(Stored data entries)
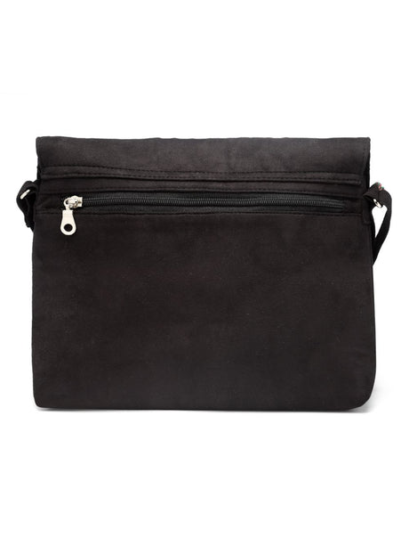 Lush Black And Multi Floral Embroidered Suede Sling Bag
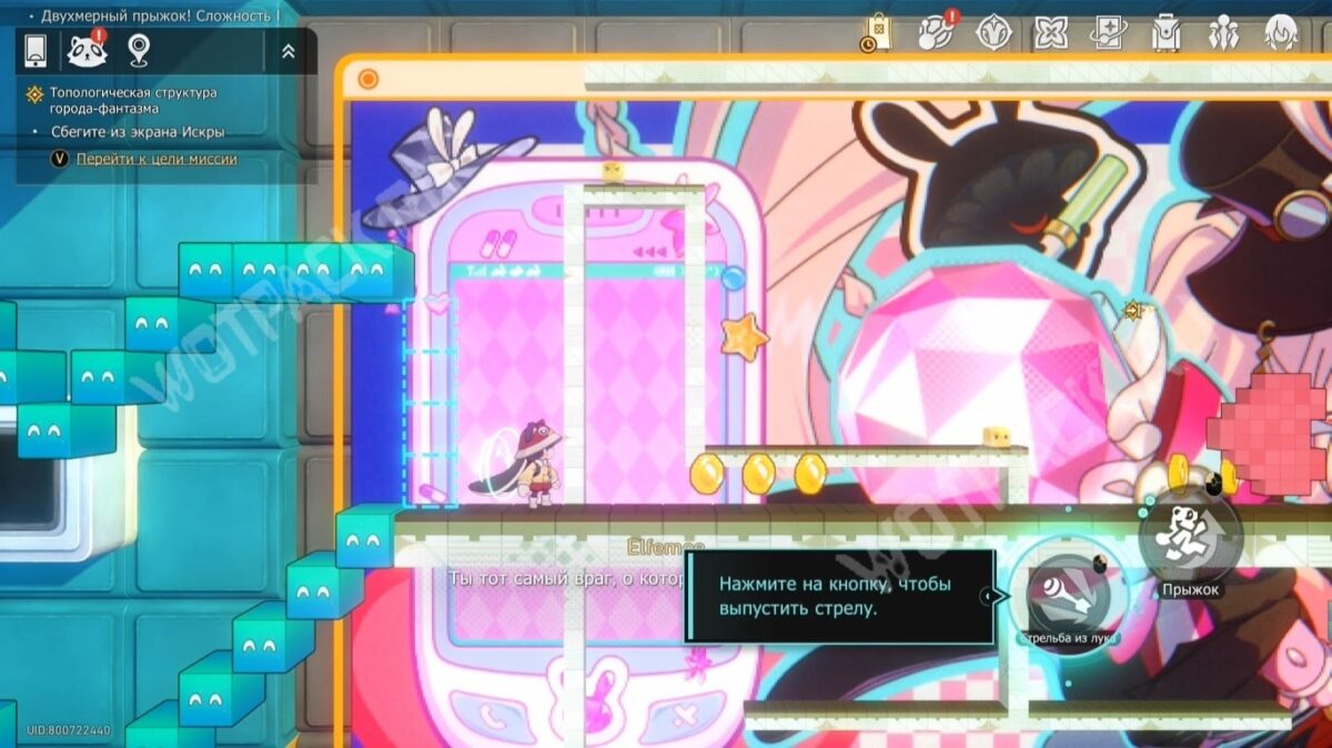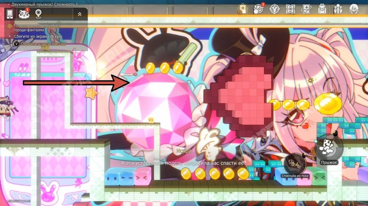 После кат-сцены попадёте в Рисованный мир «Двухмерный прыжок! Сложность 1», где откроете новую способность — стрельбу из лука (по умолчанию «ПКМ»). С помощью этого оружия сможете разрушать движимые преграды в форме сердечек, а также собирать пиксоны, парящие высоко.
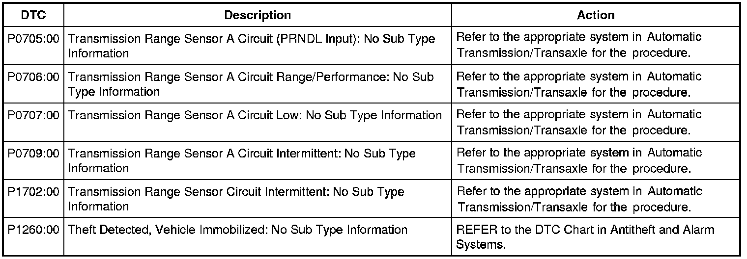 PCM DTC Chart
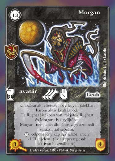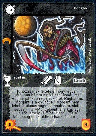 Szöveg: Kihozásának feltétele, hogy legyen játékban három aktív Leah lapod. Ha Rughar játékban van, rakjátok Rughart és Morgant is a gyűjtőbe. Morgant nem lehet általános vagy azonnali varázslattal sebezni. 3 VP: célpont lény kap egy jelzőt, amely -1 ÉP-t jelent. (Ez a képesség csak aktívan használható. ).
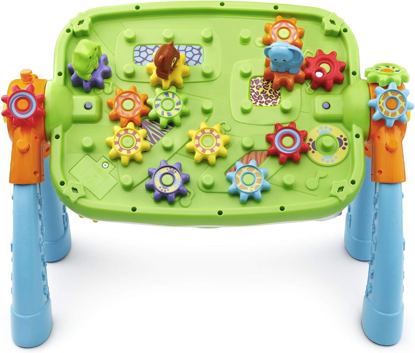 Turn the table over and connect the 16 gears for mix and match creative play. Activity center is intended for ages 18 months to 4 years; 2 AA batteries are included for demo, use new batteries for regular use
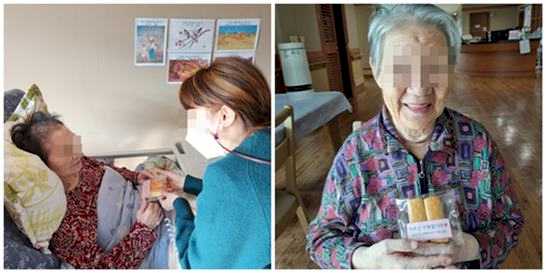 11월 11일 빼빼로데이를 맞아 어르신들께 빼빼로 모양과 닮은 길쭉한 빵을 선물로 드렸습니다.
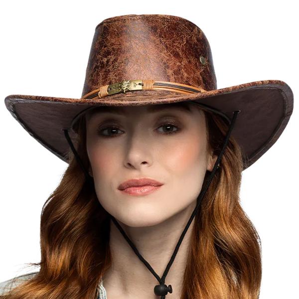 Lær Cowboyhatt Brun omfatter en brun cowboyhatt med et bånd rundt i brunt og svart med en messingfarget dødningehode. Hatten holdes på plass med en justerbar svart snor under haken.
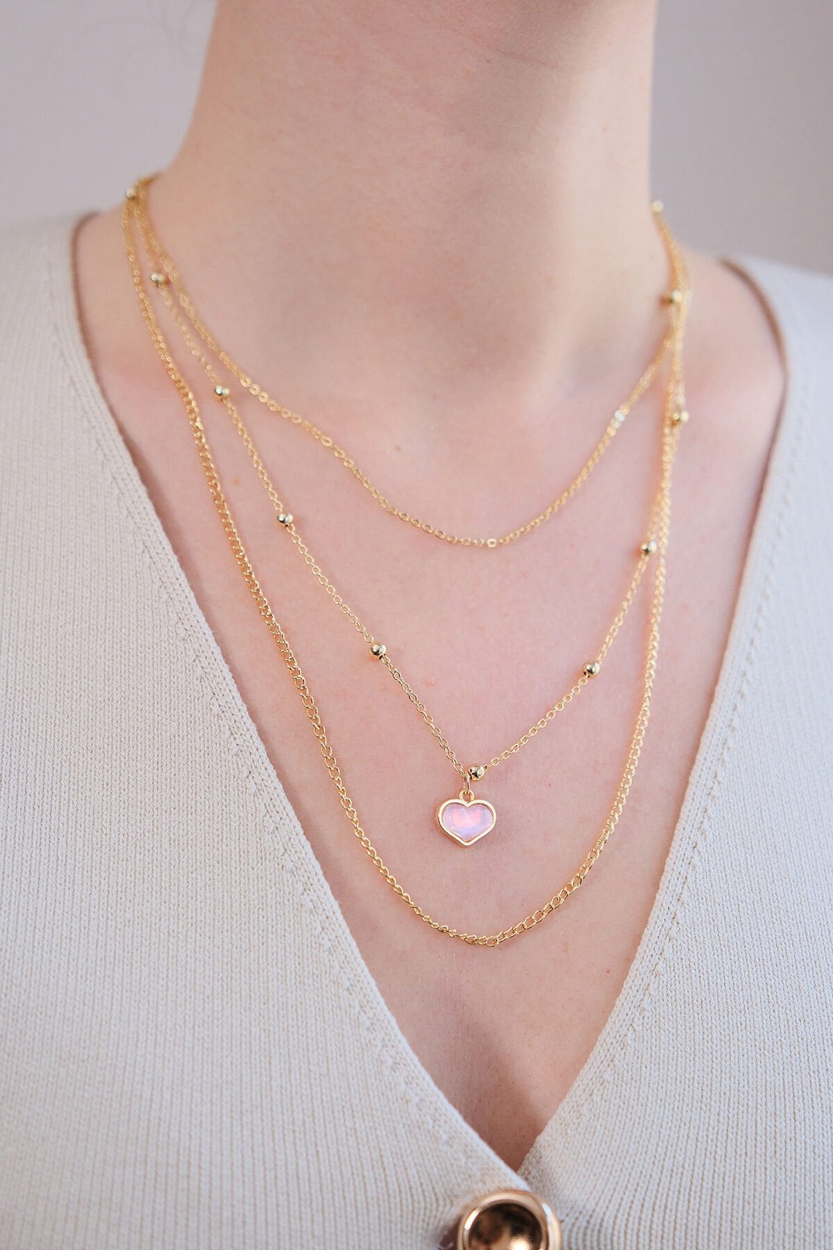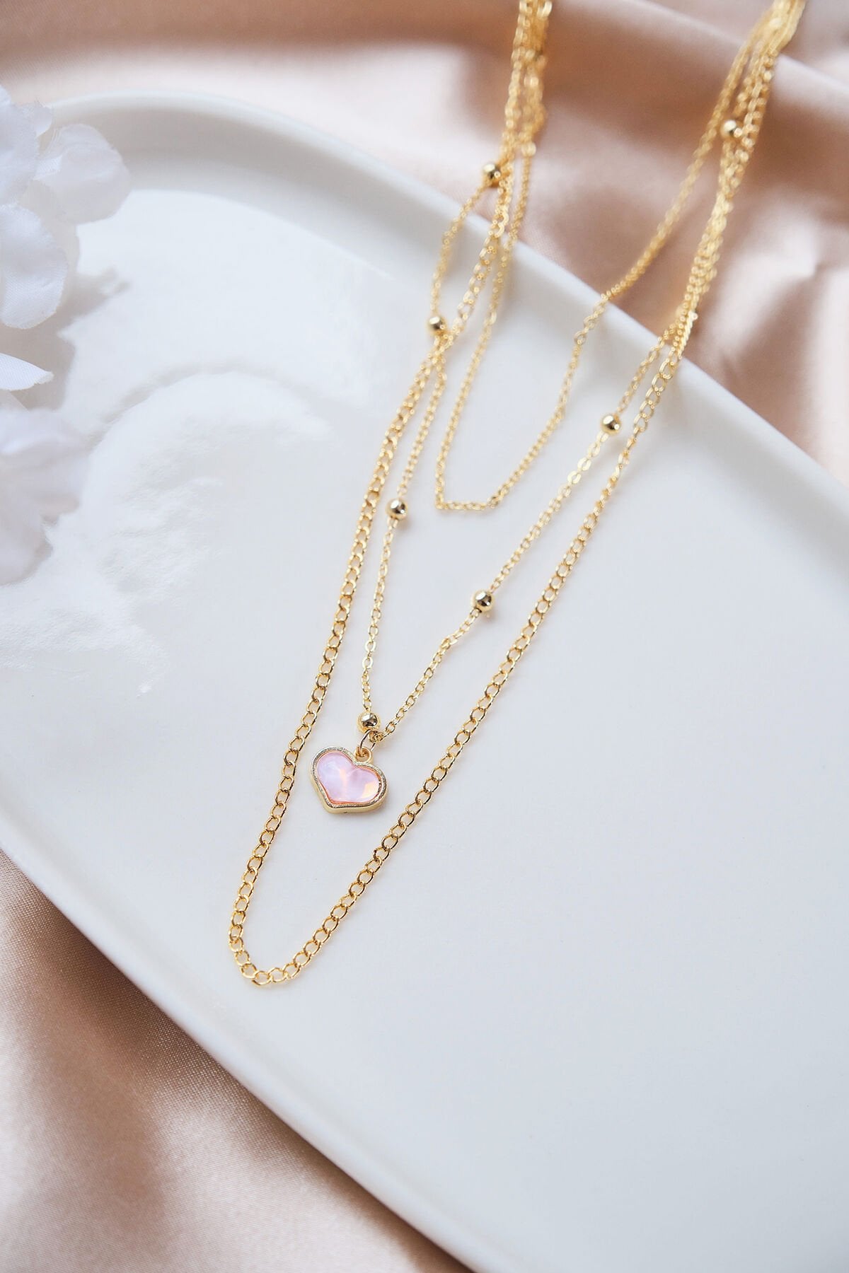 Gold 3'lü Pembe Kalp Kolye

* _Your objective_: Pictures in the entries do not go into the copy. Print only the lines starting at the one containing "PCM DTC Chart" and ending at the one containing "Turn the table", exactly as they appear.

* _The answer_:
 PCM DTC Chart
 Szöveg: Kihozásának feltétele, hogy legyen játékban három aktív Leah lapod. Ha Rughar játékban van, rakjátok Rughart és Morgant is a gyűjtőbe. Morgant nem lehet általános vagy azonnali varázslattal sebezni. 3 VP: célpont lény kap egy jelzőt, amely -1 ÉP-t jelent. (Ez a képesség csak aktívan használható. ).
 Turn the table over and connect the 16 gears for mix and match creative play. Activity center is intended for ages 18 months to 4 years; 2 AA batteries are included for demo, use new batteries for regular use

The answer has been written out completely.